─── Extracted information ───
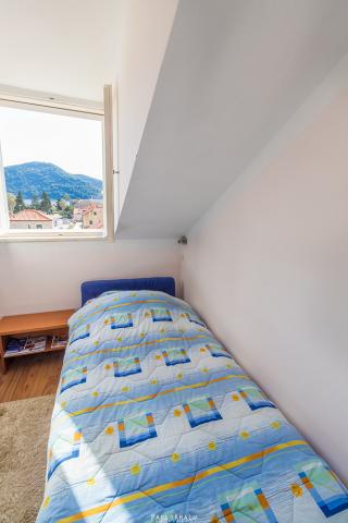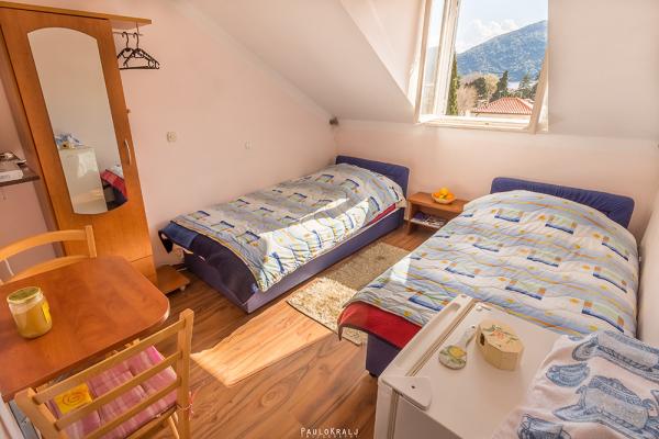 Naša hiša se natančneje nahaja v starem mestu Ston, v centru, pod mestnega obzidja. Apartma se nahaja nad glavnim vhodom v hiši, z lastnim vhodom. Pred hišo je terasa za goste, ter vrt z lokalnimi zelenjave, ki so brezplačni, da služijo našim gostom. Pogled od apartmajev je usmerjen na morje in staro mestno jedro. V bližini objektov: • ATM • Bank • Mail • Zdravnik • Lekarna • Avtobus • Ferry • Port Papratno • Bencinska črpalka • Pizzeria • Restavracija • Supermarket • otroško igrišče • Beach • mestno jedro Apartma je sestavljen iz: • Soba z zakonsko posteljo + pomožno ležišče za 1 osebo • Kuhinja v celoti opremljena. • Desk • Fotelji • pokrita terasa • Kopalnica • Terasa • Air • SAT-TV • Internet
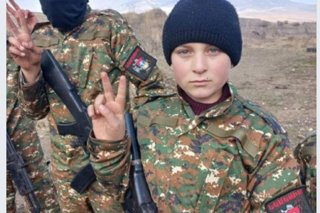 "The sign on the tag of this Armenian kid means 'revenge'. Armenian political system built on expansionism and war with neighbors exploits kids in reviving militarism in Armenia. Shame," she tweeted.
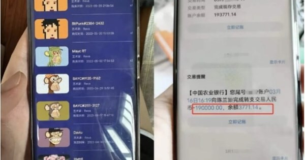 Một nạn nhân chuyển 190.000 nhân dân tệ (666 triệu đồng) để mua NFT. Ảnh: Lanjinger
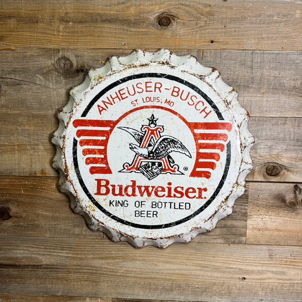 Vintage Budweiser Bottle Cap Metal Wall Sign – 17” Retro Beer Bar Decor
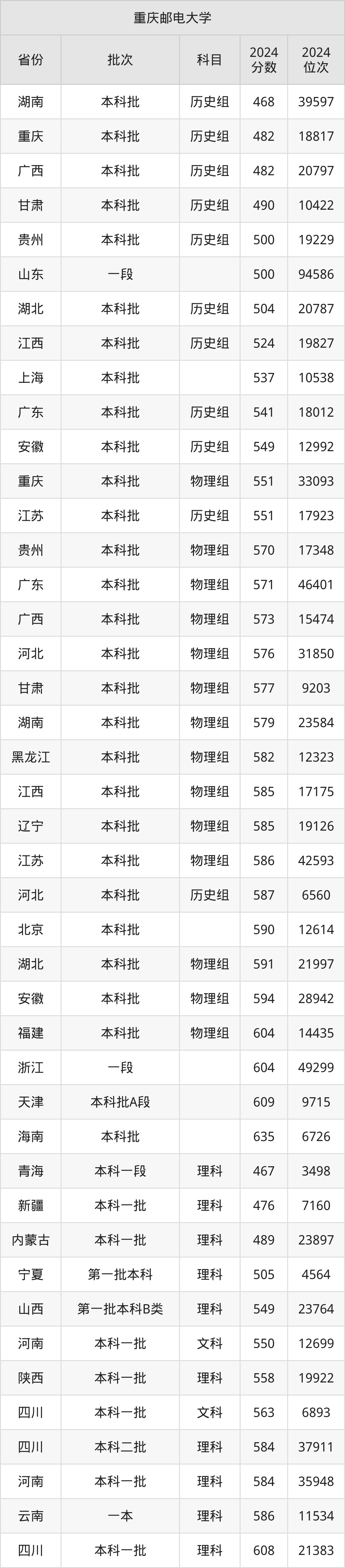 在湖南本科批历史组,重庆邮电大学的最低分是468、最低录取位次是39597名。在重庆本科批历史组,重庆邮电大学的最低分是482、最低录取位次是18817名。
───
* What needs to be done: Leave the pictures out and reproduce all of the records exactly.

* Solved problem:
 Naša hiša se natančneje nahaja v starem mestu Ston, v centru, pod mestnega obzidja. Apartma se nahaja nad glavnim vhodom v hiši, z lastnim vhodom. Pred hišo je terasa za goste, ter vrt z lokalnimi zelenjave, ki so brezplačni, da služijo našim gostom. Pogled od apartmajev je usmerjen na morje in staro mestno jedro. V bližini objektov: • ATM • Bank • Mail • Zdravnik • Lekarna • Avtobus • Ferry • Port Papratno • Bencinska črpalka • Pizzeria • Restavracija • Supermarket • otroško igrišče • Beach • mestno jedro Apartma je sestavljen iz: • Soba z zakonsko posteljo + pomožno ležišče za 1 osebo • Kuhinja v celoti opremljena. • Desk • Fotelji • pokrita terasa • Kopalnica • Terasa • Air • SAT-TV • Internet
 "The sign on the tag of this Armenian kid means 'revenge'. Armenian political system built on expansionism and war with neighbors exploits kids in reviving militarism in Armenia. Shame," she tweeted.
 Một nạn nhân chuyển 190.000 nhân dân tệ (666 triệu đồng) để mua NFT. Ảnh: Lanjinger
 Vintage Budweiser Bottle Cap Metal Wall Sign – 17” Retro Beer Bar Decor
 在湖南本科批历史组,重庆邮电大学的最低分是468、最低录取位次是39597名。在重庆本科批历史组,重庆邮电大学的最低分是482、最低录取位次是18817名。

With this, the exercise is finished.